Go to the line in the entries below that holds "Combo Niina Secrets: Gloss" and repeat exactly from there through the line that holds "eam curam demandes", inclusive.

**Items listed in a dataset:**
----

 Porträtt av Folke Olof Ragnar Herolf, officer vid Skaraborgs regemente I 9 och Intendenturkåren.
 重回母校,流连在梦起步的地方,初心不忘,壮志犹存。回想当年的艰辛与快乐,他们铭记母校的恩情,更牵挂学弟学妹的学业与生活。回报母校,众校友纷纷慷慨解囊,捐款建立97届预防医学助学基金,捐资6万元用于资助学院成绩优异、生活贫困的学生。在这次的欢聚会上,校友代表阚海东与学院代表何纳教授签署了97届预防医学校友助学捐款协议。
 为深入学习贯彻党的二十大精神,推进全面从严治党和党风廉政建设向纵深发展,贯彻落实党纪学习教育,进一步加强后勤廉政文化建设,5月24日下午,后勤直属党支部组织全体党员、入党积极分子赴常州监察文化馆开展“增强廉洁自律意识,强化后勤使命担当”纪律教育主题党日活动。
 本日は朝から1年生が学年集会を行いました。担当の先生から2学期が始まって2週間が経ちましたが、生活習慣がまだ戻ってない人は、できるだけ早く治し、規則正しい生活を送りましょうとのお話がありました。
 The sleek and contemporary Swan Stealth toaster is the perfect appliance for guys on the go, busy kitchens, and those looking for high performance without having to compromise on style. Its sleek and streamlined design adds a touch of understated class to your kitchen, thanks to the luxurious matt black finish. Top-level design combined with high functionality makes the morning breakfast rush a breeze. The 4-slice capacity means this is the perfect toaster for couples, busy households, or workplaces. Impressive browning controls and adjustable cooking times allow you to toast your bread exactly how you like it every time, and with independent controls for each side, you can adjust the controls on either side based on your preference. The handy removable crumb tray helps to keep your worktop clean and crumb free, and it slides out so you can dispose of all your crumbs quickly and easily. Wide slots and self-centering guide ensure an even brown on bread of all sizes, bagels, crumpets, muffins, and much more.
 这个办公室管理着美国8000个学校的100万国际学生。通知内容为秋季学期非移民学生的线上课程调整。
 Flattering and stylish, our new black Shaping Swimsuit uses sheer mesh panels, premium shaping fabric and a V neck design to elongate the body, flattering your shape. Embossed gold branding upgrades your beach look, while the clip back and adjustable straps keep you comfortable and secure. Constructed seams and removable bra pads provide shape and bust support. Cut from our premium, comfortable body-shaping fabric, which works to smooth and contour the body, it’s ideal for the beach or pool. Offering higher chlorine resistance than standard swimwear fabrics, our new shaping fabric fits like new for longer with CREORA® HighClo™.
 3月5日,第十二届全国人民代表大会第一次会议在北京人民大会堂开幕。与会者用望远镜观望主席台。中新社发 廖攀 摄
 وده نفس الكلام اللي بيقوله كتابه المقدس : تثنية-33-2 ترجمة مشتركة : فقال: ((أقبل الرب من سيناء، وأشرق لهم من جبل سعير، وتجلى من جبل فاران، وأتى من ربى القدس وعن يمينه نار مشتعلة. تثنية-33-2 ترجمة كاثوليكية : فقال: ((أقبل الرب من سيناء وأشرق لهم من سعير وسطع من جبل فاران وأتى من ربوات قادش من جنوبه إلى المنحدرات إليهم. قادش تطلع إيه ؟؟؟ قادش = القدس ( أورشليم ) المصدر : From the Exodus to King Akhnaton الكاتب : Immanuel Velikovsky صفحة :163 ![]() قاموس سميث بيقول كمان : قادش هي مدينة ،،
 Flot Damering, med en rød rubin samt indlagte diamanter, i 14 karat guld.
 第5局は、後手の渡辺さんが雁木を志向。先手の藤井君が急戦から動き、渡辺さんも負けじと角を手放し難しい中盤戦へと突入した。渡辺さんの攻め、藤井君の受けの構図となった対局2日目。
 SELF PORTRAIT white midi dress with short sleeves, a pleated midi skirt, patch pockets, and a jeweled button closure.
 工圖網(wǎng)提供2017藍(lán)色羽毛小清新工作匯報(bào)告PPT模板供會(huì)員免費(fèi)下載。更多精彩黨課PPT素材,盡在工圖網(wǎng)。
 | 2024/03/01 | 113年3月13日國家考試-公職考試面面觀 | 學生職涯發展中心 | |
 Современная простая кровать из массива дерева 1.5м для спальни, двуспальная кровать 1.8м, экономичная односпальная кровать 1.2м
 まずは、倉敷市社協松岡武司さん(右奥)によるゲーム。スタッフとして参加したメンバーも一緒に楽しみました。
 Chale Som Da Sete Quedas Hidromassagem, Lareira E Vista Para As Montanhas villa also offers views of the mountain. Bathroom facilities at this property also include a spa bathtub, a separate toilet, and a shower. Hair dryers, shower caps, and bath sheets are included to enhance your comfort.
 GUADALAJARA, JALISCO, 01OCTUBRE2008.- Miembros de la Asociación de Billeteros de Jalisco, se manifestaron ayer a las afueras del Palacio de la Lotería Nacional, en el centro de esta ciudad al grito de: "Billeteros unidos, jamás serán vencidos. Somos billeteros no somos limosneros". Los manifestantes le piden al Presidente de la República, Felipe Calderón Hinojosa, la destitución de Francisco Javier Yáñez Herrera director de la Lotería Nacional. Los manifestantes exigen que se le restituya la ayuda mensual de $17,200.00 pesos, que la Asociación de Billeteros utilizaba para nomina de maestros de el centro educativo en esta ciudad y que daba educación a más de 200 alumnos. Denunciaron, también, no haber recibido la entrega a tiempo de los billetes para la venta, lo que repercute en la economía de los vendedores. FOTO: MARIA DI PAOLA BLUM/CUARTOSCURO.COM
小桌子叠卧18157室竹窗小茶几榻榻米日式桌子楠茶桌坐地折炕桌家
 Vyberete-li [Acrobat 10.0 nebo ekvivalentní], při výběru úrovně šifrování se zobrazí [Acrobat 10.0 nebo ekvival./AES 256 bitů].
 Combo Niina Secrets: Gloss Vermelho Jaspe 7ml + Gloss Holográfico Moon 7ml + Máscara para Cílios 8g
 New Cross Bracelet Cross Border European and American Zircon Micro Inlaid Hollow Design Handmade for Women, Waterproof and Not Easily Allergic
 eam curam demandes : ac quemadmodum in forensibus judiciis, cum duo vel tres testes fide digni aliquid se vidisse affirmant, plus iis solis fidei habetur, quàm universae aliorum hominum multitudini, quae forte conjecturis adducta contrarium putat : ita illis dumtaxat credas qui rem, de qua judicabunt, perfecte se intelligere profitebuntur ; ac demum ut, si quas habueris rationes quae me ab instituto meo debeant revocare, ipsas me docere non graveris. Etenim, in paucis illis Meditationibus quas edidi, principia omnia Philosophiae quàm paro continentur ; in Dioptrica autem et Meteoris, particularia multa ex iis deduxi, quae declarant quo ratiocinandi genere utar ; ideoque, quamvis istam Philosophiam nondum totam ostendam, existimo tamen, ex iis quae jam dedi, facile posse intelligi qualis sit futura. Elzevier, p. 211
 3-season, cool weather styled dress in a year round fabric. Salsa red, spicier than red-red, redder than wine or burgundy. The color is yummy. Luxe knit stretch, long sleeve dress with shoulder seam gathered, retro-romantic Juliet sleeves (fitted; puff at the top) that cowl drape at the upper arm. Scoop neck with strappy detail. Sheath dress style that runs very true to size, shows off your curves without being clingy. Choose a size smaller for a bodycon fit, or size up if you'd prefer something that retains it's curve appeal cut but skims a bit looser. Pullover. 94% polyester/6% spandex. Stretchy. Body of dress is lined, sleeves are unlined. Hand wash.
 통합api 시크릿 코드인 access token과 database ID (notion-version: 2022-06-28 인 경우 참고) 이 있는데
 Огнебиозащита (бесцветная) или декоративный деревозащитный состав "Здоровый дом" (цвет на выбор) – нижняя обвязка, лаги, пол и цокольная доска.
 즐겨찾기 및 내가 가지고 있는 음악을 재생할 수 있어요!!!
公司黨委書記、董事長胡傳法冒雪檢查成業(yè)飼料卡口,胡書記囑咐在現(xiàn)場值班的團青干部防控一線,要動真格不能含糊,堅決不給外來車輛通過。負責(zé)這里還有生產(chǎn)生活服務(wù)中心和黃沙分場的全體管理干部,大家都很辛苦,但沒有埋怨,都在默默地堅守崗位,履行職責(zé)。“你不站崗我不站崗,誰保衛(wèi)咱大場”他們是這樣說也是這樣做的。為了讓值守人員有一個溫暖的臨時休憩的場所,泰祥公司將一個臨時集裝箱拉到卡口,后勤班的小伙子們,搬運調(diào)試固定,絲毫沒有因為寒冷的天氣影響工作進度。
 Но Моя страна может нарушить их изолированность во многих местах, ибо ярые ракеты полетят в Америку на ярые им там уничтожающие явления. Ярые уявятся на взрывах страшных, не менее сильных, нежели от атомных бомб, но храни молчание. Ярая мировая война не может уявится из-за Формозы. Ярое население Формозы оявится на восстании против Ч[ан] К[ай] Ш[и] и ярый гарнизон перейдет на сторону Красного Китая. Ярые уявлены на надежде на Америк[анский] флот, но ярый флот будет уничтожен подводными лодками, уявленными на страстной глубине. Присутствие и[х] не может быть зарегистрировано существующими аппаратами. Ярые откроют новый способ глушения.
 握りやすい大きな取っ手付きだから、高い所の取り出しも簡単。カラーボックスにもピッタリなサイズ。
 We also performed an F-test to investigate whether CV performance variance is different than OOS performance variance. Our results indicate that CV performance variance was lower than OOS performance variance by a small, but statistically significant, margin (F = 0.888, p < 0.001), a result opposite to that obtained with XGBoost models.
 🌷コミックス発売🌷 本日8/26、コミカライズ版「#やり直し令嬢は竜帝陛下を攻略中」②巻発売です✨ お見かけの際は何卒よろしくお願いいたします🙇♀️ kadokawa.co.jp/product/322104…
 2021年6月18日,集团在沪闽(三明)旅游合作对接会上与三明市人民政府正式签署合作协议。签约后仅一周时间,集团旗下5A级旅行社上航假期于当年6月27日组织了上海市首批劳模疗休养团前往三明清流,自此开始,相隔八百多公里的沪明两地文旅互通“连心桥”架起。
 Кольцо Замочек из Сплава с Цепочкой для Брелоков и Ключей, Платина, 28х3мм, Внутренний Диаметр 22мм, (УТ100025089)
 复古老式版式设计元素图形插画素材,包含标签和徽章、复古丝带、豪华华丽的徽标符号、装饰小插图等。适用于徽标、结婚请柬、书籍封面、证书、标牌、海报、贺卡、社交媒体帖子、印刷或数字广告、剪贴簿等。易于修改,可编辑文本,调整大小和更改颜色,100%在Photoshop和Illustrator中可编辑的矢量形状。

----

**Output for this task:**
 Combo Niina Secrets: Gloss Vermelho Jaspe 7ml + Gloss Holográfico Moon 7ml + Máscara para Cílios 8g
 New Cross Bracelet Cross Border European and American Zircon Micro Inlaid Hollow Design Handmade for Women, Waterproof and Not Easily Allergic
 eam curam demandes : ac quemadmodum in forensibus judiciis, cum duo vel tres testes fide digni aliquid se vidisse affirmant, plus iis solis fidei habetur, quàm universae aliorum hominum multitudini, quae forte conjecturis adducta contrarium putat : ita illis dumtaxat credas qui rem, de qua judicabunt, perfecte se intelligere profitebuntur ; ac demum ut, si quas habueris rationes quae me ab instituto meo debeant revocare, ipsas me docere non graveris. Etenim, in paucis illis Meditationibus quas edidi, principia omnia Philosophiae quàm paro continentur ; in Dioptrica autem et Meteoris, particularia multa ex iis deduxi, quae declarant quo ratiocinandi genere utar ; ideoque, quamvis istam Philosophiam nondum totam ostendam, existimo tamen, ex iis quae jam dedi, facile posse intelligi qualis sit futura. Elzevier, p. 211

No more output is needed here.